Practical tips on overcoming decluttering regret

That’s what I want to offer you. If you are experiencing decluttering regret or if you are afraid to declutter because of it, I’d like you to acknowledge that we don’t know what the future holds.

No one has a crystal ball. I cannot tell you that you will not regret getting rid of something. But I can tell you that if nothing changes, then nothing changes.

So maybe you got rid of something and you’re feeling a bit sad, and it’s okay. Those feelings are valid. But you also don’t know if getting rid of that led to something else and you can’t see that they’re connected. If you can hold space for that in your mind, it makes it a little bit easier to make peace with that change.

Also on the concept of regret, I don’t know about you, but for me, the worst kind of regret is the regret of not knowing, the regret of what if, the regret of not telling somebody you love them, the regret of not saying yes to an opportunity.

Obviously, there are exceptions, like we don’t want to put your health in danger, but most of the time, that’s not the kind of consequences you’re facing. 

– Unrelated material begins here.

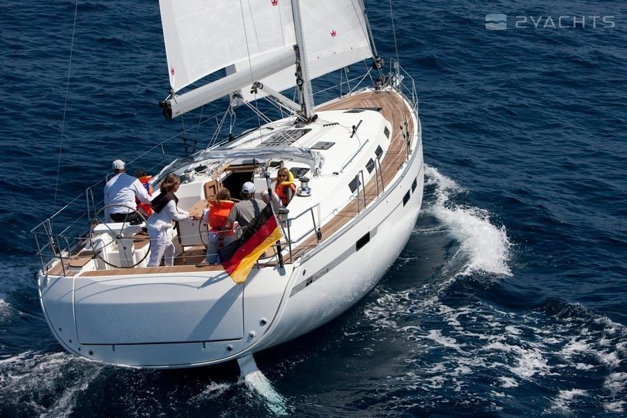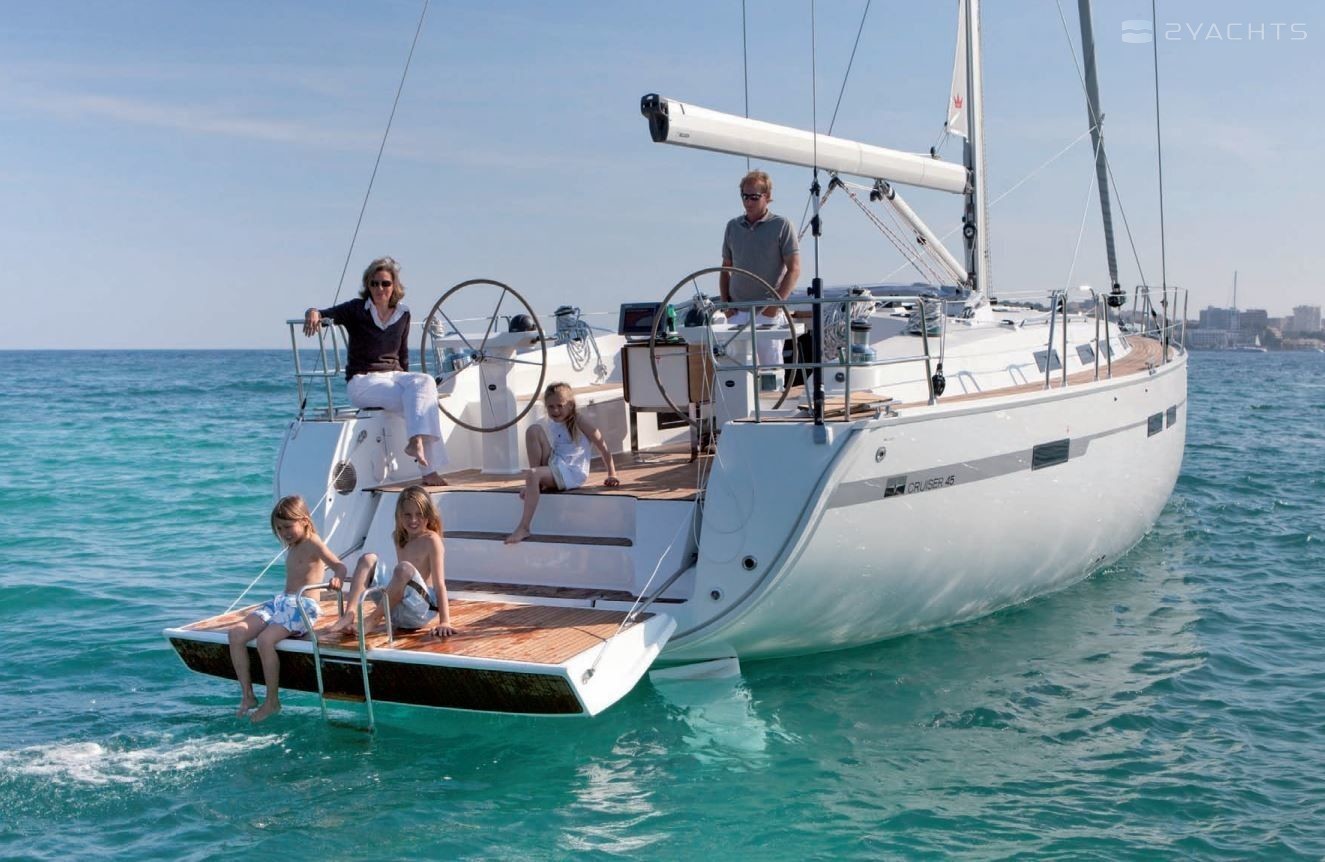 4-cabin sailing yacht Bavaria Cruiser 45 - Lady White was built in 2010, and it is docked in Poseidon Marina, Italy.

So for me, again, I’m a bit of an optimist, but I would always rather try and fail. I would rather take that leap and see what’s on the other side than just stay stuck in a situation that doesn’t make me happy. 

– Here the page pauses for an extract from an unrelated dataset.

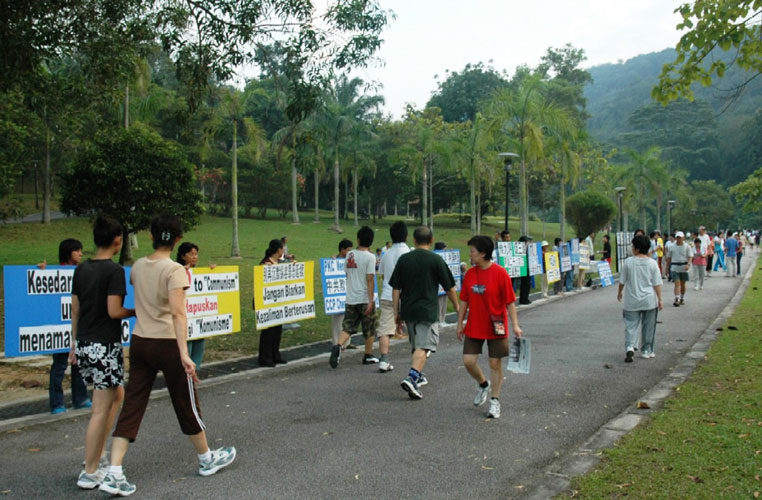 (Clearwisdom.net) On September 30, 2007, the day before the Chinese Communist Party's (CCP) China National Day, people in Kuala Lumpur, Malaysia, who are concerned about China's future, held a rally in support of the people who have quit the CCP and its affiliated organizations in a park in Kuala Lumpur. They hope that in the near future, with the progress of the great tide of quitting the CCP, the Chinese people will be set free from the tyranny of the CCP and walk toward a new life.

So, if you can associate that kind of mindset, that bigger picture mindset with your stuff, I think it makes it a lot easier to either make peace or to let go.

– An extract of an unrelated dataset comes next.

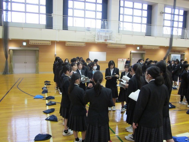 本日の7時間目は、昨日に引き続き1,2年生合同での合唱練習を行いました。卒業生を送る会で歌う曲や、校歌を練習しました。昨日よりも声量も大きく、卒業生への感謝の気持ちが感じられる合唱でした。今日より明日が、明日より明後日の合唱が素晴らしいものになるように練習を積み重ねていくことを期待しています。

Now, before I wrap this up, I do want to say that I can just imagine right now that some of you’re saying, “But what does it matter? It’s just one sweater. It’s not going to matter if I just keep this one sweater or this one more book or this one more whatever.” 

I know because that’s probably what I would be saying as well if I was on the other side of this conversation and I want to address that before we go. 

I’ll start by saying, you don’t have to get rid of anything you don’t want to. My definition of minimalism is about alignment. There are no roles about what you can or cannot keep as long as it’s aligned with what matters to you. 

But you also have to ask yourself, “Is it really just one item?” Or is it like that saying, death by a thousand cuts?

We’ve all heard the idea that little steps lead to progress. For example, if you want to get in shape tomorrow, you don’t run a marathon the next day. You start small, you start walking, and then you start jogging. Eventually, with time, you’re going to work your way up to being able to run a marathon. 

That same concept of small steps also works in reverse. Sometimes it’s little things. I mean, again, I’ve done this so much in my own life. We trade away our dreams one piece at a time. 

I used to be in a considerable amount of debt because of my shopping habits. I think most of you know that I used to be a shopaholic and it was always, “One little thing. Just one more thing. What’s it going to hurt?” But all of those things, I look back now and I probably could have bought a house with the money I spent on clothes I didn’t wear. But every time I was like, “What’s one more thing?”

Sometimes you have to spend some time in honest self-reflection. And know that it takes courage to reverse direction, it takes courage to believe that something bigger is possible. 

When I work with my clients, the biggest challenge to everything that we just talked about is sometimes self-belief. To believe that, “If I get rid of this sweater, it might essentially lead to something better, that there is something bigger or just different.” It’s not always better, it’s just different, and it’s possible for you.

Let’s sum things up by saying that I believe it for me, I believe it without a shadow of a doubt, and I genuinely believe it for you as well. 

That is why I do the work that I do, because I remember exactly what it was like to feel like I was stuck, like I was trapped in my life, like I was settling for less than what I knew was possible, and I don’t want that for you. 

So if you don’t have that self belief, feel free to borrow mine. I believe that if you declutter something and regret it, you are strong enough and capable enough to find your way forward. Okay? That’s it for today. Take care and talk soon.